Select to view content in your preferred language

Getting feature datasets with arcpy.da.Walk (ArcGIS Pro 3.1.0)

1235
8
06-04-2023 10:18 AM
SzymAdamowski
New Contributor III

I'm trying to find feature datasets in file geodatabase (possibly many geodatabases, but for clarity here only one) using arcpy.da.Walk. I'm aware of workaround using ListDatasets and I'm aware of similiar topic (https://community.esri.com/t5/python-questions/arcpy-da-walk-workspace-datatype-quot/m-p/595010), but this one is from 2015. We have 2023, ArcGIS Pro 3.1 and it looks like it is still the same - arcpy.da.Walk doesn't detect feature datasets as feature datasets (it treats them as "folders")- or am I doing something wrong?

 

 

import os
workspace=r'E:\GIS_DATA\ArcGIS\TestWalk\TestWalk.gdb'
feature_datasets = []

walk = arcpy.da.Walk(workspace,datatype=["FeatureDataset"])

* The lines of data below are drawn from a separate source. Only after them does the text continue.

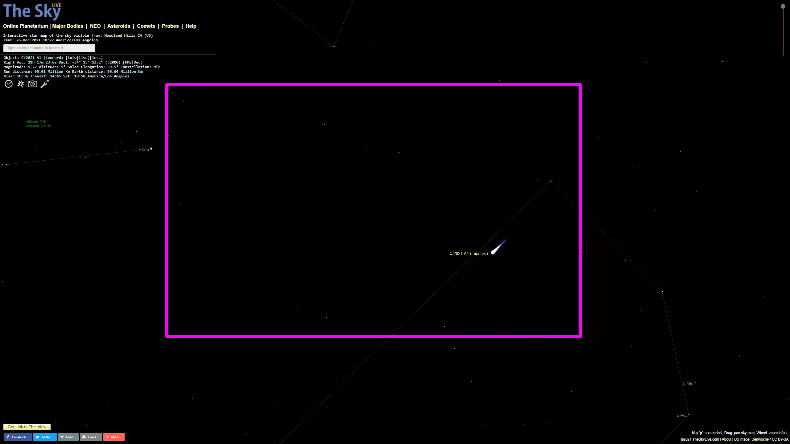 Note that there are three bright planets in this view and they can be your guideposts to look. Jupiter is at the top center (really bright), Venus at the bottom right having juuuuuust set in this view (really stinkin’ bright), and Saturn between them (bright). So in rough terms, right now Comet Leonard is a little to the left of a line dropped straight down to the horizon from Jupiter, and a little bit higher than Venus, maybe a third of the way up higher than Saturn is compared to Venus.
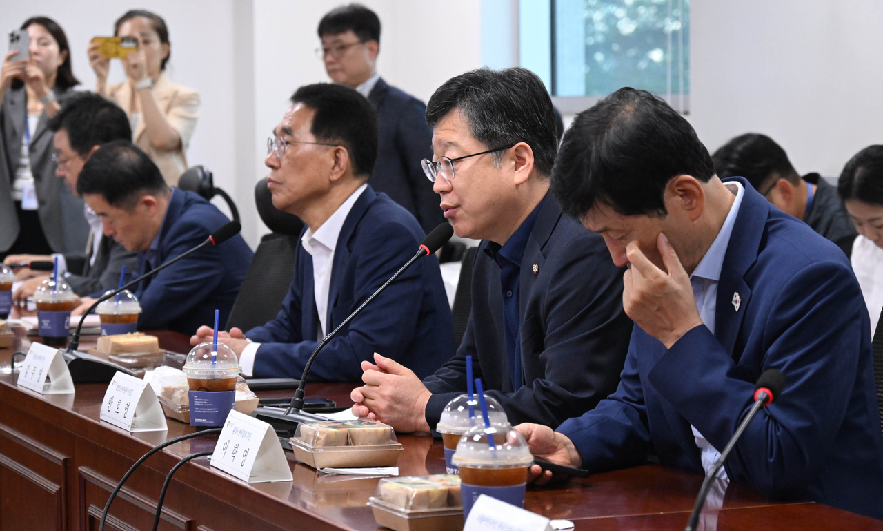 [헤럴드pic] 노란봉투법 당정협의회 개최 글꼴 선택 본문 텍스트 크게본문 텍스트 작게 인쇄 안호영 국회 환경노동위원장이 28일 서울 여의도 국회 의원회관에서 열린 국회 환경노동위원회 실무당정협의회에 참석해 발언하고 있다. 이상섭 기자
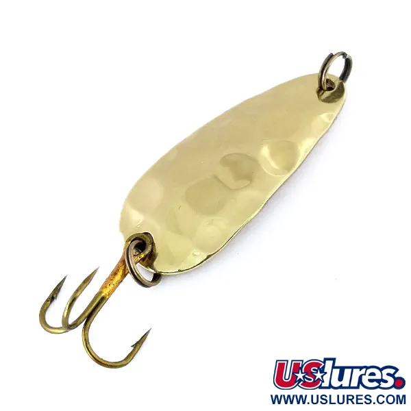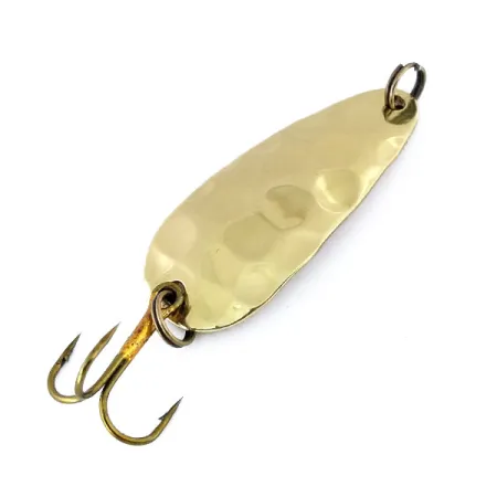 La scritta stampata a mano sul retro di questo ondulante in ottone recita "RICHARDS 1/5 OZ CANDU IT", un tributo personale al fondatore Richard Shubert che fondò il marchio Thomas a metà degli anni '40 dopo essere arrivato negli USA dalla Cecoslovacchia. Catalogato con il codice prodotto 10715, l'esca ha un peso di 5 g (3/16 oz) e una lunghezza totale di 4 cm (1 1/2"). Una distinta trama martellata copre la faccia convessa, fornendo un'estetica tradizionale per il casting o la traina. La componentistica consiste in un amo triplo bronzato e due robusti anelli spaccati, tutti eccezionalmente puliti, contribuendo a una valutazione di condizione 5/5 per questo esemplare vintage. Queste superfici in ottone lucido conservano la lucentezza originale e la nitidezza delle incisioni, onorando un produttore che venne in America per realizzare il suo sogno di produrre attrezzatura da pesca di qualità.
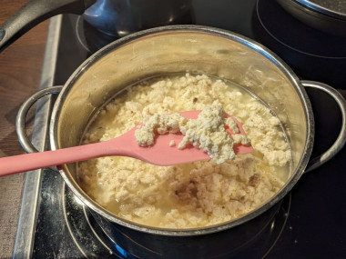 Постепенно хлопья будут становиться крупнее, начнет отделяться сыворотка. Не желтая, как при варке творога, а белая и непрозрачная. Кипятите молоко еще около 5 минут. Не забывайте его помешивать. Чем дольше вы будете варить сыр, тем тверже он получится. Поэтому, если вы хотите более мягкий сыр, сократите время варки.
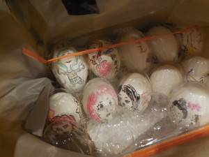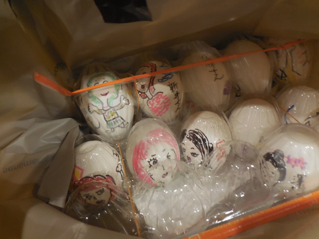 前夜に酔眼をこすりつつ、受講生の似顔絵のゆで卵づくりをしてたのでありました。
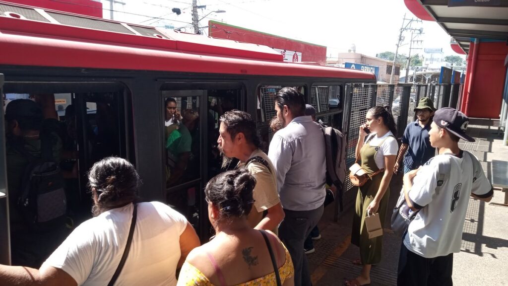 Cuando finalmente arribó el autobús, apenas pudieron abordar, ya que circulaba al máximo de su capacidad, con entre 80 y 90 personas sentadas y la mayoría de pie, apiñadas y con riesgo de lesiones por la forma abrupta en que se abren las puertas en cada estación.
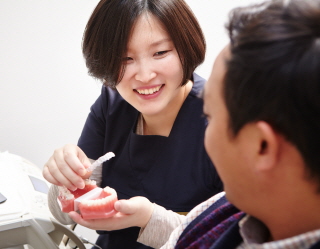 세종시 맘애든치과 안슬민 원장이 부정교합 환자와 상담하고 있다.

for dirpath, dirnames, filenames in walk:
    print (dirpath,dirnames,filenames)
    for filename in filenames:
        feature_datasets.append(os.path.join(dirpath, filename))
print ("Found:{0}".format(feature_datasets))

 

 

This is my geodatabase structue:

SzymAdamowski_0-1685898703834.png

This is the result of the script:

E:\GIS_DATA\ArcGIS\TestWalk\TestWalk.gdb ['DS1', 'DS2'] []
E:\GIS_DATA\ArcGIS\TestWalk\TestWalk.gdb\DS1 [] []
E:\GIS_DATA\ArcGIS\TestWalk\TestWalk.gdb\DS2 [] []
Found:[]

 

Tags (3)
0 Kudos
8 Replies
by Anonymous User
Not applicable

Your code is looking for filenames instead of the dataset (directory).  Since there are no files in there, the filenames will be empty [].  If you want it to list the datasets, you should iterate over the dirnames.

    for dirname in dirnames:
        feature_datasets.append(os.path.join(dirpath, dirname))

print ("Found:{0}".format(feature_datasets))

 

0 Kudos
SzymAdamowski
New Contributor III

Did you check your code with datasets? Did it return only datasets? In my case it returns all windows folders + datasets inside GDB.

Modified code as suggested by JeffK:

 

import os

workspace=r'E:\GIS_DATA\ArcGIS\TestWalk'

feature_datasets = []

walk = arcpy.da.Walk(workspace,datatype=["FeatureDataset"])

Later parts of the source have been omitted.